“You get fatter by the day, woman!”
And Silvestre laughed, and Mariana laughed with him. They were like two children. They sat down at the table and drank the hot coffee, making playful, slurping noises, each trying to outslurp the other.
“So, what’s it to be, then?”
Silvestre was no longer laughing. Mariana had grown serious too. Even their faces seemed paler.
“I don’t know. You decide.”
“Like I said yesterday, the leather for soling is getting more and more expensive. My customers keep complaining about the price, but that’s how it is. I can’t perform miracles. Where are they going to find anyone to do the work more cheaply, that’s what I’d like to know, but that doesn’t stop them complaining.”
Mariana interrupted him, saying that moaning would get them nowhere. What they had to do was decide whether or not to take in a lodger.
“It would certainly be useful. It would help us pay the rent, and if he’s a man on his own and you don’t mind doing his laundry for him, we could just about break even.”
Mariana drained the last sugary drop of coffee from her bowl and said:
“That’s fine by me. Every little bit helps.”
“I know, but it does mean taking in lodgers again, when we’ve only just managed to rid ourselves of that so-called gentleman . . .”
“Oh well, maybe the next one will be a decent sort. I can get on with anyone, as long as they get on with me.”
“Let’s give it another go, then. A man on his own, who just needs a bed for the night, that’s what we need. I’ll put an ad in this afternoon.” Still chewing his last piece of bread, Silvestre stood up and declared: “Right, I’m off to work.”
He went back into the bedroom and walked over to the window. He drew aside the curtain that acted as a screen separating the window area from the rest of the room. Behind it was a high platform on which stood his workbench. Awls, lasts, lengths of thread, tins full of tacks, bits of sole and scraps of leather and, in one corner, a pouch containing French tobacco and matches.
Silvestre opened the window and looked out. Nothing new to be seen. A few people walking along the street. Not far off, a woman was crying her wares, selling a kind of bean soup that people used to eat for their breakfast. Silvestre could never understand how she could possibly make a living.
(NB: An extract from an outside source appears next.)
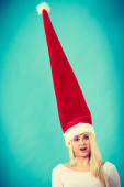 Zadowolony ładny kobieta w santa pomocnik kapelusz. Boże Narodzenie.

No one he knew ate bean soup for breakfast anymore; he himself hadn’t eaten it for more than twenty years. Different times, different customs, different food. Having thus neatly summed the matter up, he sat down. He opened his tobacco pouch, rummaged around for his cigarette papers among the hotchpotch of objects cluttering the bench and rolled himself a cigarette. He lit it, inhaled the smoke and set to work. He had some uppers to put on, a job requiring all his knowledge and skill.
Now and then he would glance out at the street. The morning was gradually brightening, although the sky was still cloudy and a slight mist blurred the edges of things and people alike.
From among the multitude of noises already filling the building, Silvestre could make out the sound of an immediately identifiable pair of heels clicking down the stairs. As soon as he heard the street door open, he leaned forward.
“Good morning, Adriana!”
“Good morning, Senhor Silvestre.”
The girl stopped beneath the window. She was rather short and dumpy and wore thick glasses that made her eyes look like two small, restless beads. She was nearly thirty-four years old and her modest hairstyle was already streaked with the odd gray hair.
“Off to work, eh?”
“That’s right. See you later, Senhor Silvestre.”
It was the same every morning. By the time Adriana left the house, the cobbler was already seated at the ground-floor window. It was impossible to escape without seeing that unruly tuft of hair and without hearing and responding to those inevitable words of greeting. Silvestre followed her with his eyes. From a distance, she resembled, in Silvestre’s colorful phrase, “a sack of potatoes tied up in the middle.” When she reached the corner of the street, Adriana turned and waved to someone on the second floor. Then she disappeared.
Silvestre put down the shoe he was working on and craned his neck out of the window. He wasn’t a busybody, he just happened to like his neighbors on the second floor; they were good customers and good people. In a voice constrained by his somewhat awkward position, he called out:
“Hello there, Isaura! What do you make of the weather today, eh?”
From the second floor came the answer, attenuated by distance:
“Not bad, not bad at all. The mist . . .”
But we never found out whether she thought the mist spoiled or embellished the beauty of the morning. Isaura let the conversation drop and slowly closed the window. It wasn’t that she disliked the cobbler, with his simultaneously thoughtful and cheery air, she simply wasn’t in a mood to chat. She had a pile of shirts to be finished by the weekend, by Saturday at the very latest. Given the choice, she would have carried on with the novel she was reading. She only had another fifty pages to go and had reached a particularly interesting part. She found them very gripping, these clandestine love affairs, buffeted by endless trials and tribulations. Besides, the novel was really well written. Isaura was an experienced enough reader to be a judge of this. She hesitated for a moment, but realized at once that she did not even have time to do that. The shirts were waiting. She could hear the murmur of voices inside: her mother and aunt talking. They talked a lot. Whatever did they find to talk about all day that they hadn’t already said a hundred times before?